━━━ Data block ━━━

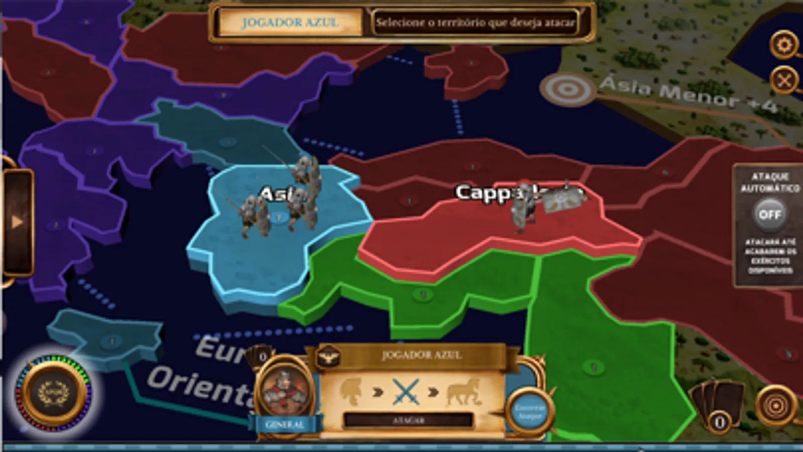 Jogo Clássico: Sinta-se no papel de um verdadeiro general. Mire no seu objetivo e defina cuidadosamente sua estratégia. Ataque na hora certa, proteja suas fronteiras e defenda seus territórios. Domine continentes inteiros, invada e conquiste territórios adversários. Mas avalie bem seus movimentos pois, assim como nas grandes guerras, ataques mal planejados podem fazer grandes potências caírem enquanto a estratégia correta pode transformar pequenos exércitos em grandes impérios!
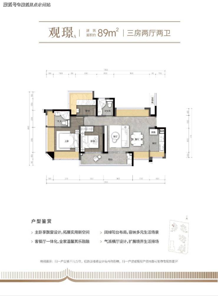 尺度突破:89㎡横厅户型的场景化创新,此次加推的89㎡横厅三房是项目的明星产品,代表了新规下户型设计的新思路。与传统竖厅相比,该户型采用5.4米的超大开间设计,配合6.2米长的南向景观阳台,形成了极具冲击力的空间感受,彻底改变了人们对百平米以下户型的固有认知。这种设计不仅提升了空间利用率,更重构了家庭生活的互动场景。
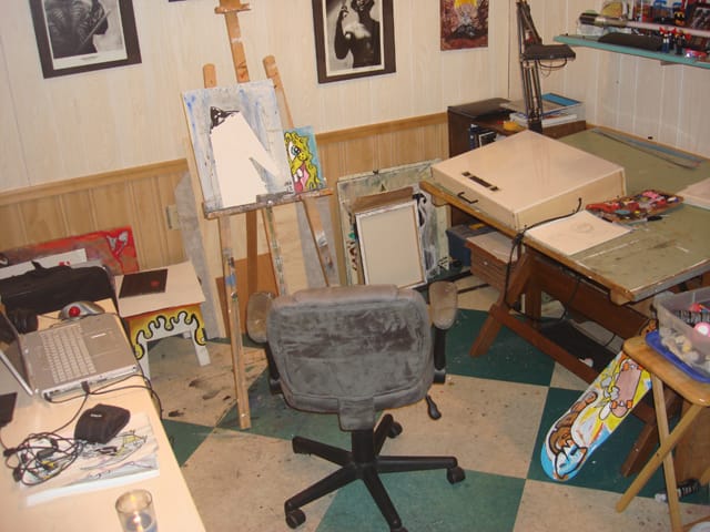 I have my studio set up like a sound engineer behind the consoles. My easel sits in the middle of the room with my computer to the left of me that I use to pull up references or inspiration online. To the right of my easel is my drafting table that I use when I’m drawing or sketching out ideas.

━━━

> **Prompt**: In the answer, set down only the lines from the opening line of the listing through the line that holds "尺度突破:89㎡横厅户型的场", exactly as they appear, minus the pictures.

> **Output of the task**:
 Jogo Clássico: Sinta-se no papel de um verdadeiro general. Mire no seu objetivo e defina cuidadosamente sua estratégia. Ataque na hora certa, proteja suas fronteiras e defenda seus territórios. Domine continentes inteiros, invada e conquiste territórios adversários. Mas avalie bem seus movimentos pois, assim como nas grandes guerras, ataques mal planejados podem fazer grandes potências caírem enquanto a estratégia correta pode transformar pequenos exércitos em grandes impérios!
 尺度突破:89㎡横厅户型的场景化创新,此次加推的89㎡横厅三房是项目的明星产品,代表了新规下户型设计的新思路。与传统竖厅相比,该户型采用5.4米的超大开间设计,配合6.2米长的南向景观阳台,形成了极具冲击力的空间感受,彻底改变了人们对百平米以下户型的固有认知。这种设计不仅提升了空间利用率,更重构了家庭生活的互动场景。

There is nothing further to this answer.